To find the mean, median, and mode of a data set, we need to follow a few simple steps for each measure of central tendency.
Mean
The mean is calculated by adding all the numbers in the data set and then dividing by the total number of values. For example, if our data set is [2, 3, 5, 7, 11], we would perform the following calculation:
- Add the numbers: 2 + 3 + 5 + 7 + 11 = 28
- Count the total values: There are 5 numbers in this data set.
- Divide the total by the number of values: 28 / 5 = 5.6
So, the mean of this data set is 5.6.
Median
The median is the middle number of a sorted data set. If there is an odd number of values, the median is the middle one. If there is an even number, it is the average of the two middle numbers. Using the same data set [2, 3, 5, 7, 11], we first sort it (though it’s already sorted here) and find the middle value:
- There are 5 numbers (which is odd), so the median is the third number: 5.

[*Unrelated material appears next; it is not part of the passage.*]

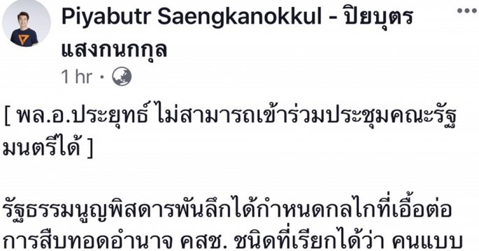เลขาธิการพรรคอนาคตใหม่ ระบุ “พล.อ.ประยุทธ์” ไม่สามารถนั่งหัวโต๊ะประชุม ครม. ได้ หากยังไม่มีครม.ชุดใหม่ อาจส่งผลให้มติเป็นโมฆะ

The median of this data set is 5.
Mode
The mode is the number that appears most frequently in the data set. If no number repeats, the data set is said to have no mode. Looking at our data set [2, 3, 5, 7, 11], each number appears only once:
- No number repeats, thus there is no mode in this data set.
In conclusion, for the data set [2, 3, 5, 7, 11]:
- Mean: 5.6
- Median: 5
- Mode: None